Task goal - Nothing but the lines below from the one containing "日前,重庆市教育委员会下发了" through the one containing "delivered to his" should appear in the answer, exact and without pictures.

Dataset records -
—————
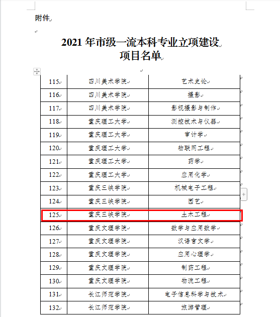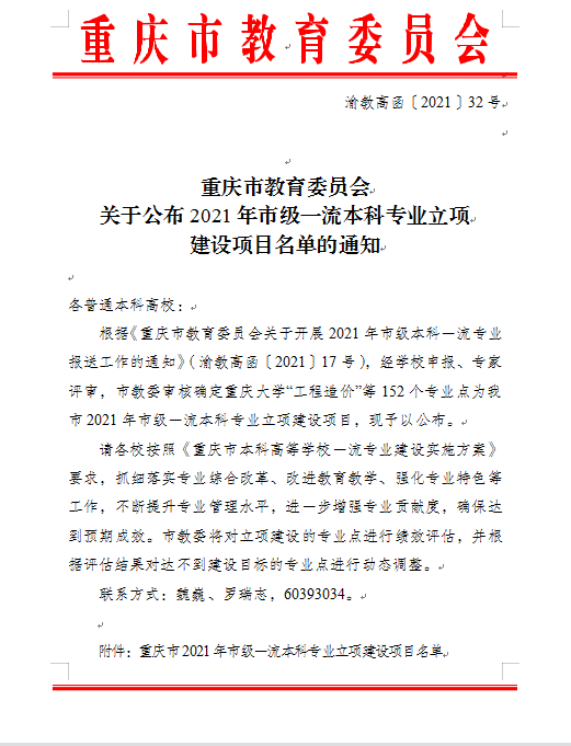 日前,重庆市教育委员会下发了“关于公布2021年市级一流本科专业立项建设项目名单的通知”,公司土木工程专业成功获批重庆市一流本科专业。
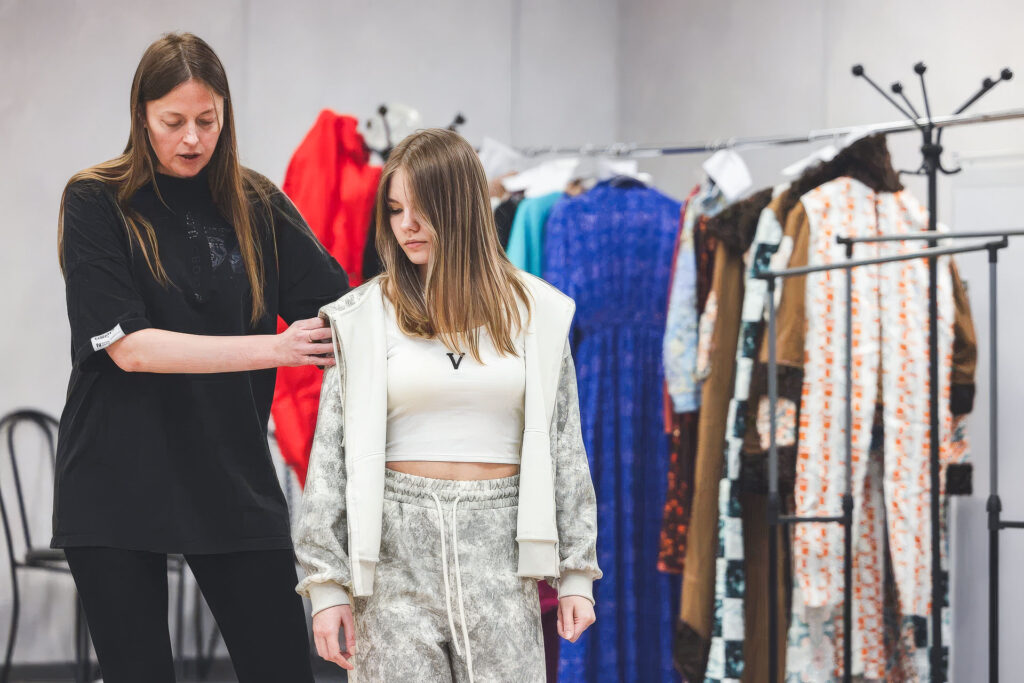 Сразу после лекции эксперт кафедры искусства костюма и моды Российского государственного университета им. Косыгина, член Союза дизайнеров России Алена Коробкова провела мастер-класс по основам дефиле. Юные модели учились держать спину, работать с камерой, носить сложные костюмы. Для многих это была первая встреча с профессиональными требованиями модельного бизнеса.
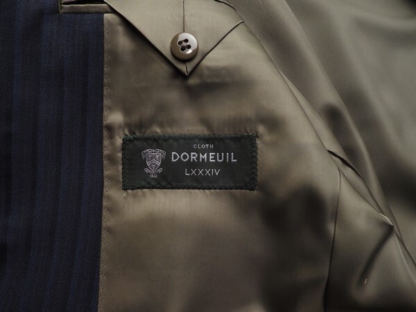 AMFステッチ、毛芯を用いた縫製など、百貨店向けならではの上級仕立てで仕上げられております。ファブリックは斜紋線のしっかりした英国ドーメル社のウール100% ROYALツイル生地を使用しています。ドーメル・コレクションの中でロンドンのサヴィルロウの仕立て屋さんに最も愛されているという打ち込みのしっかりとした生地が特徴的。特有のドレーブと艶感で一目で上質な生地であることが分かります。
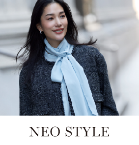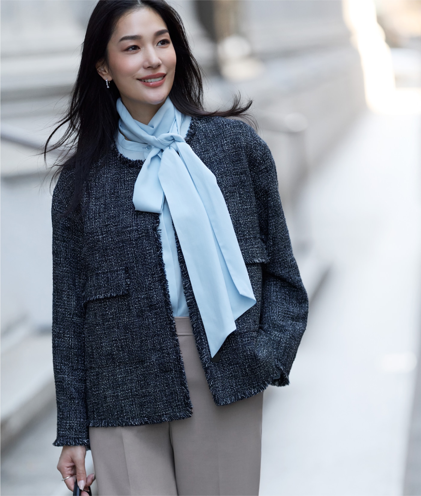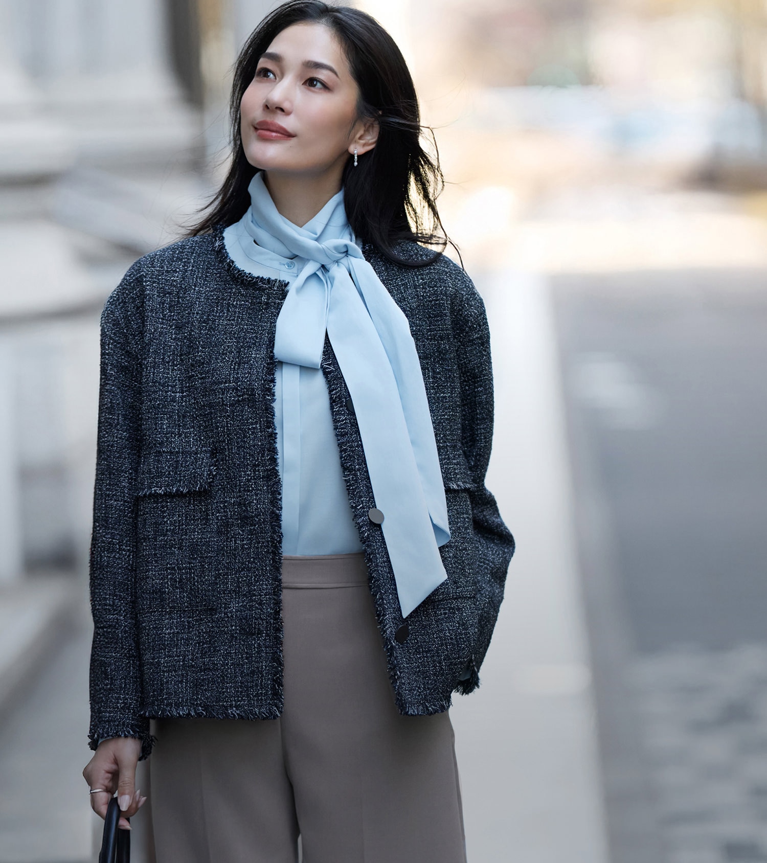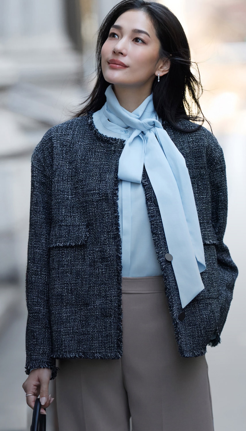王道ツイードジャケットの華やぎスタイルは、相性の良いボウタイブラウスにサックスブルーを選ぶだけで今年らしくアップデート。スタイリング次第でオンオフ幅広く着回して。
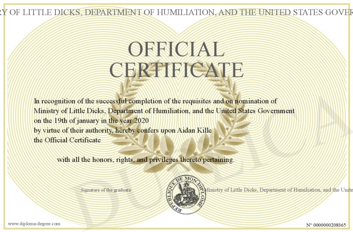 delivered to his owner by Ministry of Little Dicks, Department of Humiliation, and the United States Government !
—————
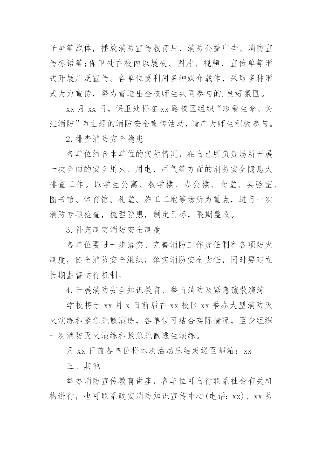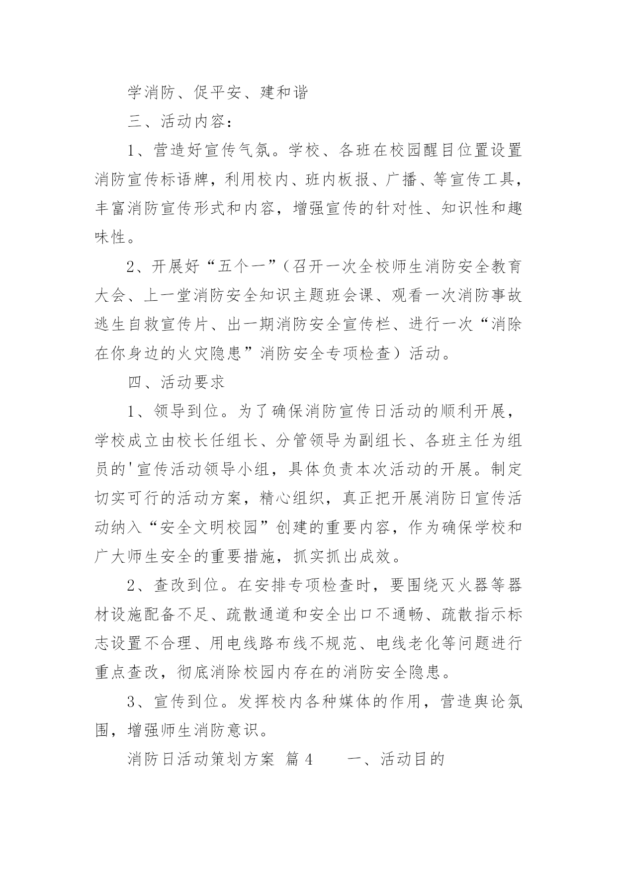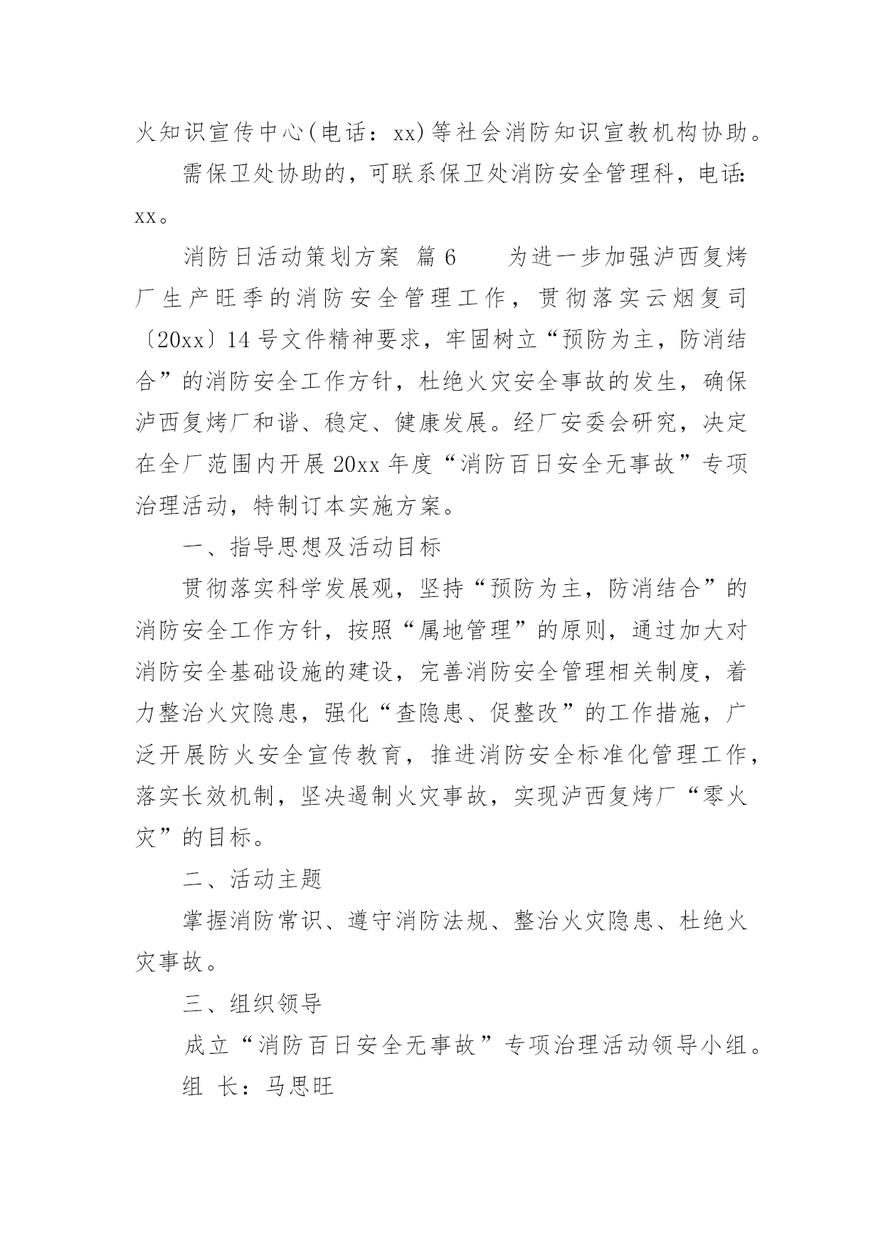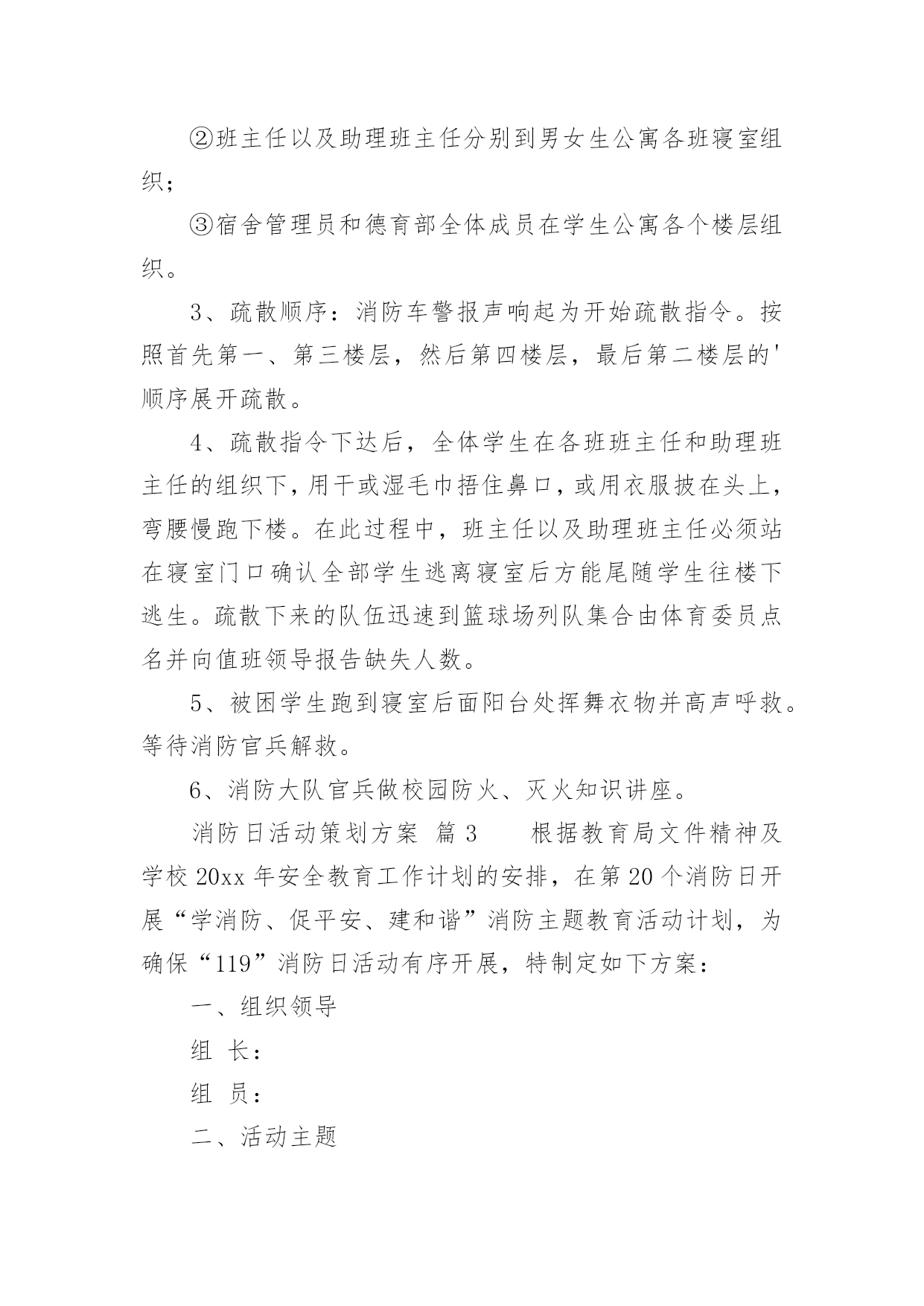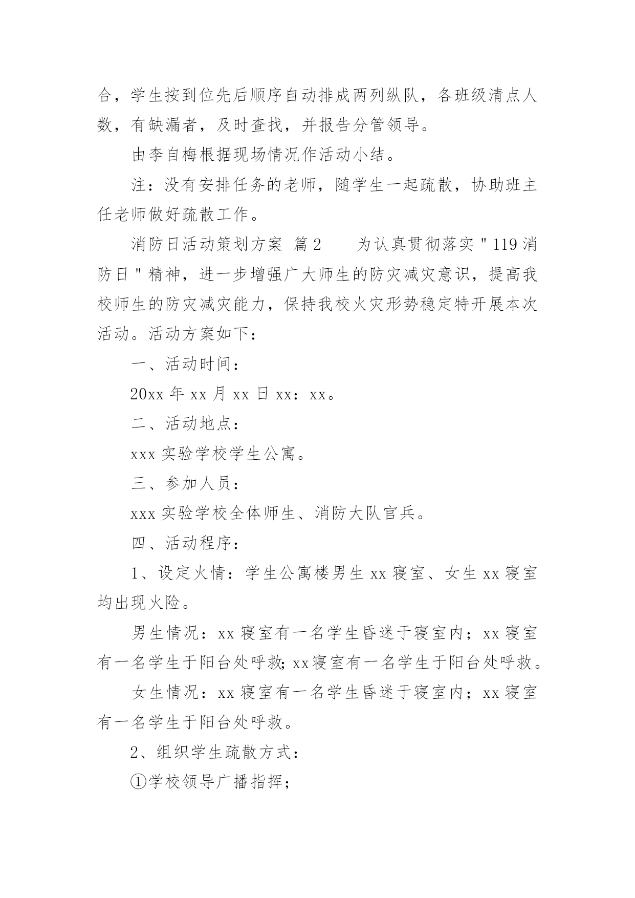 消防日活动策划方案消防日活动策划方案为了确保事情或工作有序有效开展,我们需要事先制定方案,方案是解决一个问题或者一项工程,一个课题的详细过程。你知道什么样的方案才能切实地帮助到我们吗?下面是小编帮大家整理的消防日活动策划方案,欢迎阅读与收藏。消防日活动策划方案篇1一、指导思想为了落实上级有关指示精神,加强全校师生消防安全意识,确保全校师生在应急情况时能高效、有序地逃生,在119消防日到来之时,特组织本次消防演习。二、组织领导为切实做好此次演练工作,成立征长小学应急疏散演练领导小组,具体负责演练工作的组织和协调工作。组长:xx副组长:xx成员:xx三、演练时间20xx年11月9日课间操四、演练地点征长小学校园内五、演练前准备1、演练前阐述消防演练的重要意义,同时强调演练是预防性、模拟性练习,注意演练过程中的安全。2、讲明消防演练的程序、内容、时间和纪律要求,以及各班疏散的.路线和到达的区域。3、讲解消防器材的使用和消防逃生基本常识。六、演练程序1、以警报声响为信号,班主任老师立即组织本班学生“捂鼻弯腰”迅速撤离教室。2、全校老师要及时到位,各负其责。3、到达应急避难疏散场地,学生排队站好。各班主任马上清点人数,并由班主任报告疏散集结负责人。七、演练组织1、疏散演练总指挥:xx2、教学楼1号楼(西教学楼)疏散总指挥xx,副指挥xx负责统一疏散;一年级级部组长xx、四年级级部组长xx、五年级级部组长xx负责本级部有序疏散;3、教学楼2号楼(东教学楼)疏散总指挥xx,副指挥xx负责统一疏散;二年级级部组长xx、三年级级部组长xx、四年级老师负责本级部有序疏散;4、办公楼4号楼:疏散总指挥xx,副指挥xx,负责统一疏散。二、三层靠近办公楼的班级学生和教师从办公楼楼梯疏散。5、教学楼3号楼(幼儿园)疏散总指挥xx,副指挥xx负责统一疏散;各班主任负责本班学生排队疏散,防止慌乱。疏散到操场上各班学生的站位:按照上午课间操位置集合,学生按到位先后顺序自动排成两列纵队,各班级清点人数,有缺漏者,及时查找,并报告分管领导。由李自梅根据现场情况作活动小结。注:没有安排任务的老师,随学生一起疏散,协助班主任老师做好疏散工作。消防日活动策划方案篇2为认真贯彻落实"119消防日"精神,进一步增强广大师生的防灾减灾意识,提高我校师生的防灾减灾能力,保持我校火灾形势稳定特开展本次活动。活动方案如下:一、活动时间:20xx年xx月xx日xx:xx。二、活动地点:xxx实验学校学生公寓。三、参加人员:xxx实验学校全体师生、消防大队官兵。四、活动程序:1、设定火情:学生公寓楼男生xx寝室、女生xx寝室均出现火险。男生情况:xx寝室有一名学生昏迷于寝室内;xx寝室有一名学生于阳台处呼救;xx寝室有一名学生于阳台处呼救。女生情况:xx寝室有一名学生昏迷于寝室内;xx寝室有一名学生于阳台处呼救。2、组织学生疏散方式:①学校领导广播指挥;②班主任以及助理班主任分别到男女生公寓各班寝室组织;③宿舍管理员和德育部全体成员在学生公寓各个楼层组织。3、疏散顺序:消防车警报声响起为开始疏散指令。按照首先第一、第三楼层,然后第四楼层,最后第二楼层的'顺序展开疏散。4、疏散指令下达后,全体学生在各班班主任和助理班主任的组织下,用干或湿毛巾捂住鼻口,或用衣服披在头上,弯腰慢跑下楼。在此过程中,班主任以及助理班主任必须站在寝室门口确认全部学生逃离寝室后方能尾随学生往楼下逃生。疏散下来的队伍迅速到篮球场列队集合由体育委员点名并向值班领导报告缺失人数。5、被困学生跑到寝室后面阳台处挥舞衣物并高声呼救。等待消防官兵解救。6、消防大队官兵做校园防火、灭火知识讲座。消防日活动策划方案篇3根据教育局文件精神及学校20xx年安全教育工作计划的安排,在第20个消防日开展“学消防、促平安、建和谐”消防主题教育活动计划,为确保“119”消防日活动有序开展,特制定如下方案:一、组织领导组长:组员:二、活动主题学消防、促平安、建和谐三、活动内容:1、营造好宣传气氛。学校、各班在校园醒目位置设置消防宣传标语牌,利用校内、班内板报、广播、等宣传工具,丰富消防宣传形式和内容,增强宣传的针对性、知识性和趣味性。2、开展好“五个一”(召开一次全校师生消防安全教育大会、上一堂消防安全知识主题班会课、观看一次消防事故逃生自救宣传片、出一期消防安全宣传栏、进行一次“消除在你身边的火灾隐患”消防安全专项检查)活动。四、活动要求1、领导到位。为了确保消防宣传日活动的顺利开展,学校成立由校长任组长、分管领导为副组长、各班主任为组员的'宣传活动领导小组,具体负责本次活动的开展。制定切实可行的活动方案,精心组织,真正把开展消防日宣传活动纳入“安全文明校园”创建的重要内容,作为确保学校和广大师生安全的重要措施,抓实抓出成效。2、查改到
—————
Result for this exercise -
 日前,重庆市教育委员会下发了“关于公布2021年市级一流本科专业立项建设项目名单的通知”,公司土木工程专业成功获批重庆市一流本科专业。
 Сразу после лекции эксперт кафедры искусства костюма и моды Российского государственного университета им. Косыгина, член Союза дизайнеров России Алена Коробкова провела мастер-класс по основам дефиле. Юные модели учились держать спину, работать с камерой, носить сложные костюмы. Для многих это была первая встреча с профессиональными требованиями модельного бизнеса.
 AMFステッチ、毛芯を用いた縫製など、百貨店向けならではの上級仕立てで仕上げられております。ファブリックは斜紋線のしっかりした英国ドーメル社のウール100% ROYALツイル生地を使用しています。ドーメル・コレクションの中でロンドンのサヴィルロウの仕立て屋さんに最も愛されているという打ち込みのしっかりとした生地が特徴的。特有のドレーブと艶感で一目で上質な生地であることが分かります。
王道ツイードジャケットの華やぎスタイルは、相性の良いボウタイブラウスにサックスブルーを選ぶだけで今年らしくアップデート。スタイリング次第でオンオフ幅広く着回して。
 delivered to his owner by Ministry of Little Dicks, Department of Humiliation, and the United States Government !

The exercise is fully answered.